**Task goal**. Hand back every line from the beginning of the data below through the line containing "Canapé 3/4 places", word for word and free of pictures.

**Exercise data**.
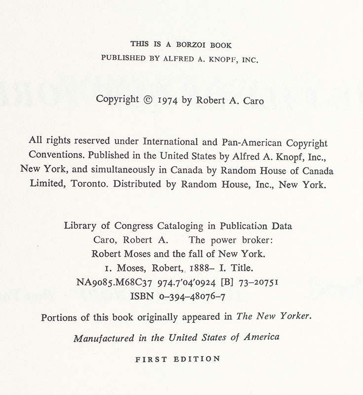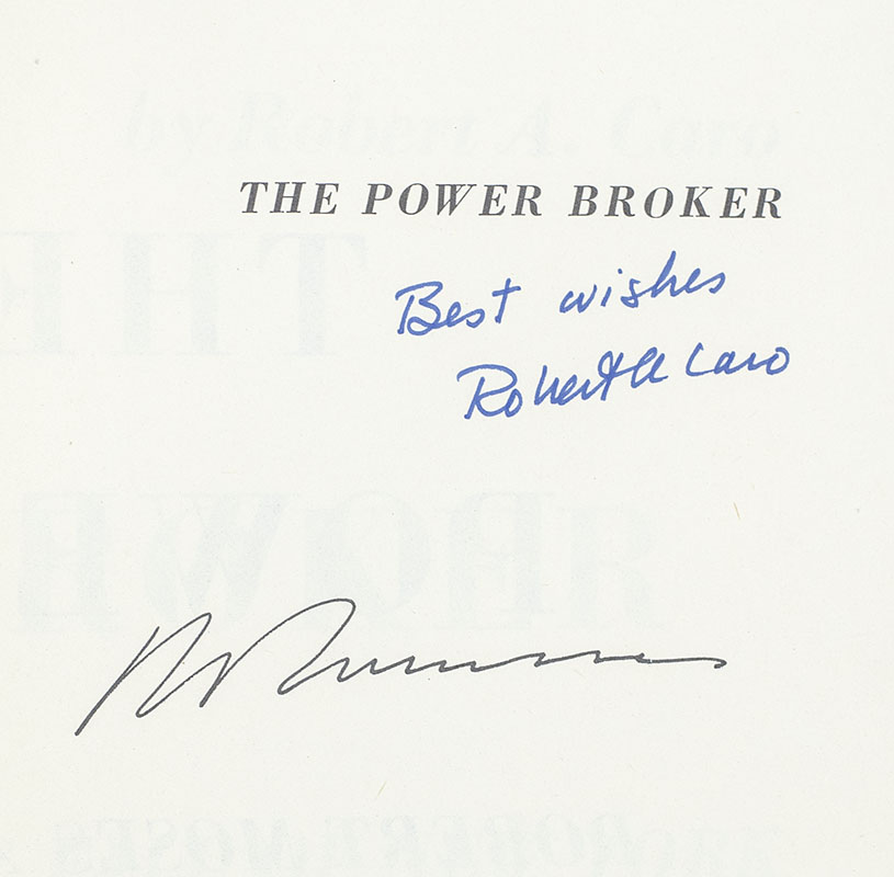 "In the twentieth century, the influence of Robert Moses on the cities of America was greater than that of any other person": First Edition of The Power Broker; Signed By Robert A. Caro and Robert Moses
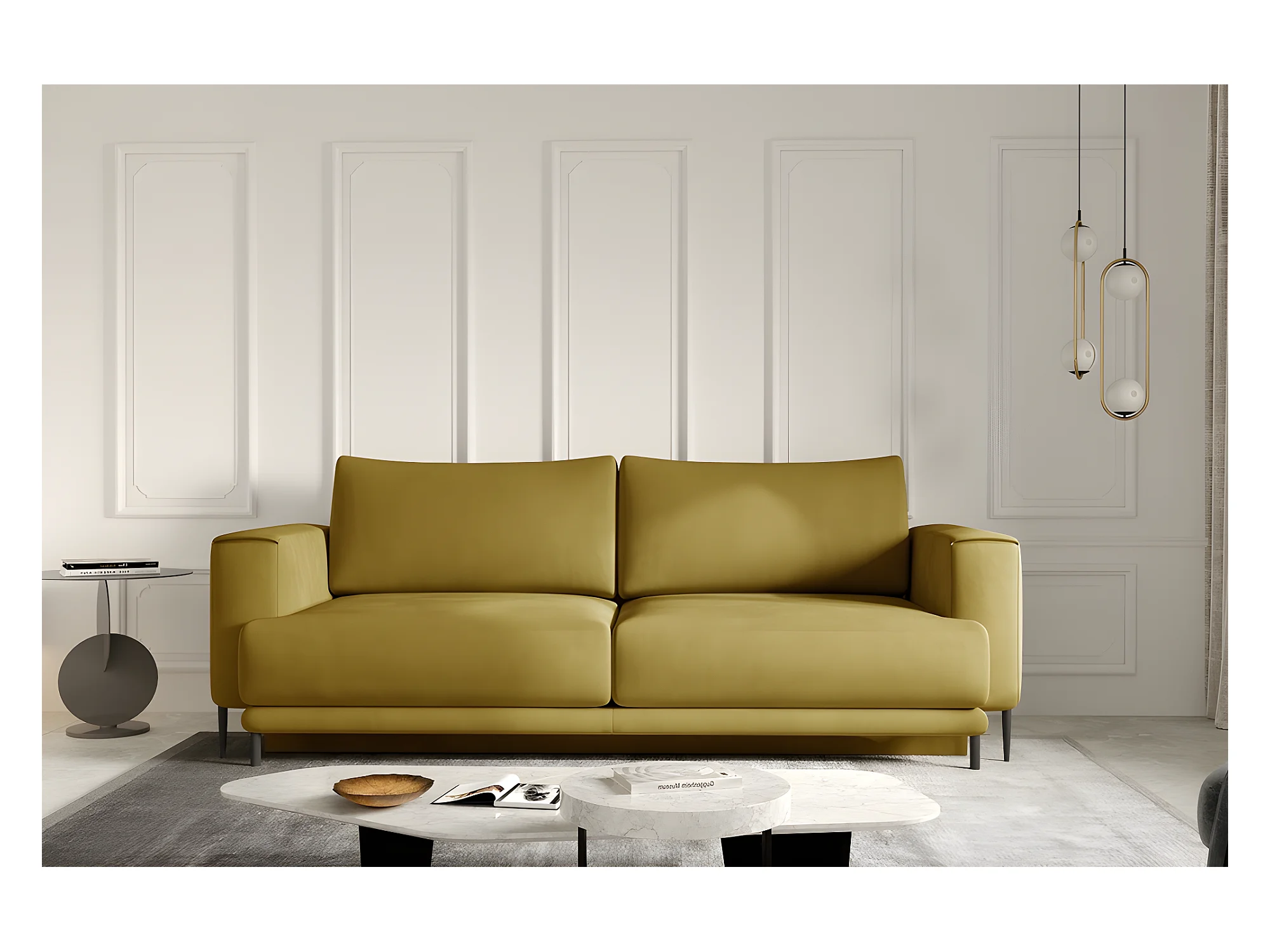 Canapé 3/4 places convertible et espace de rangement - Moutarde - en tissu de qualité, DANY
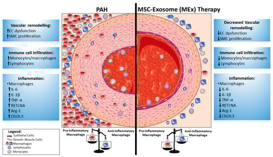 An improved molecular understanding of the role macrophages play in immune responses relevant to PAH pathophysiology may pave the way for new therapeutic tools to effectively treat and reduce the risk of further complications. Here, we speculate that manipulation of lung macrophage function represents an attractive target for emerging therapeutic approaches. Exhibiting potent immunomodulatory capabilities, MSC-based approaches have been shown to be effective in ameliorating injury and/or reestablishing homeostasis in several preclinical models of lung disease relevant to PAH. Several studies have shown that the therapeutic capacity of MSCs is harnessed in their secretome, and more recent studies have demonstrated that the ‘major’ therapeutic vector therein is represented by the exosomes. In turn, exosome-based therapeutics represent a most promising next generation approach for treating a diverse number of diseases, particularly diseases the pathogenesis of which involve a primary (or major) inflammatory component. Although more studies are needed to address this issue, in this review, we postulate that MEx modulate macrophage function, which in turn, is responsible, at least in part, for the beneficial effects of MEx treatment in experimental models relevant to PAH.
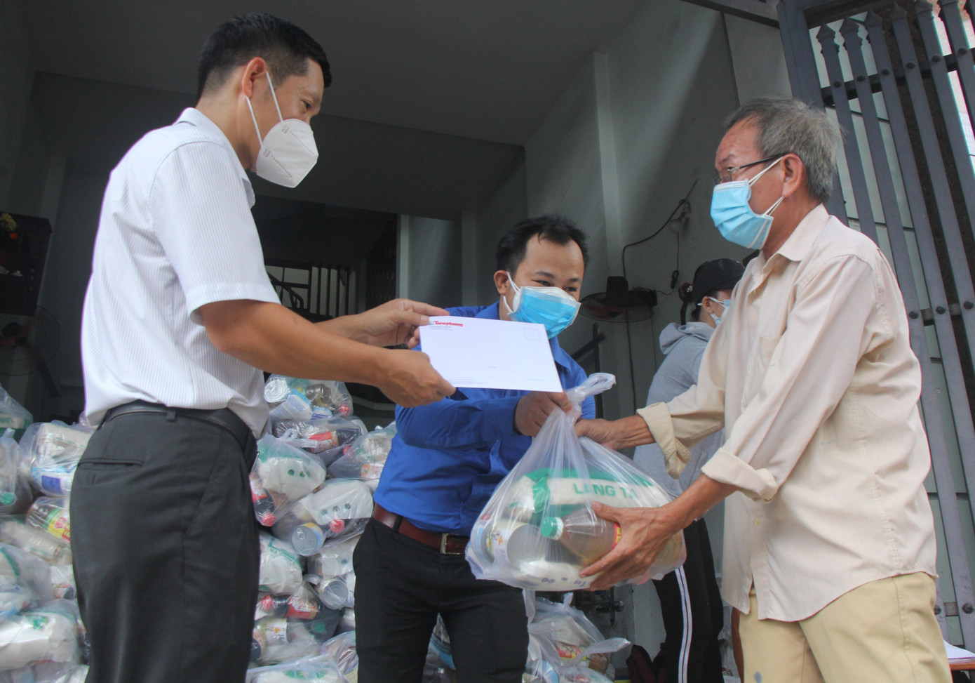 Mỗi phần quà có trị giá ước tính 500.000 đồng, bao gồm tiền mặt 200.000 đồng cùng một túi nhu yếu phẩm với các mặt hàng như dầu ăn, nước tương, gạo, đường...

**Solution for this problem**.
 "In the twentieth century, the influence of Robert Moses on the cities of America was greater than that of any other person": First Edition of The Power Broker; Signed By Robert A. Caro and Robert Moses
 Canapé 3/4 places convertible et espace de rangement - Moutarde - en tissu de qualité, DANY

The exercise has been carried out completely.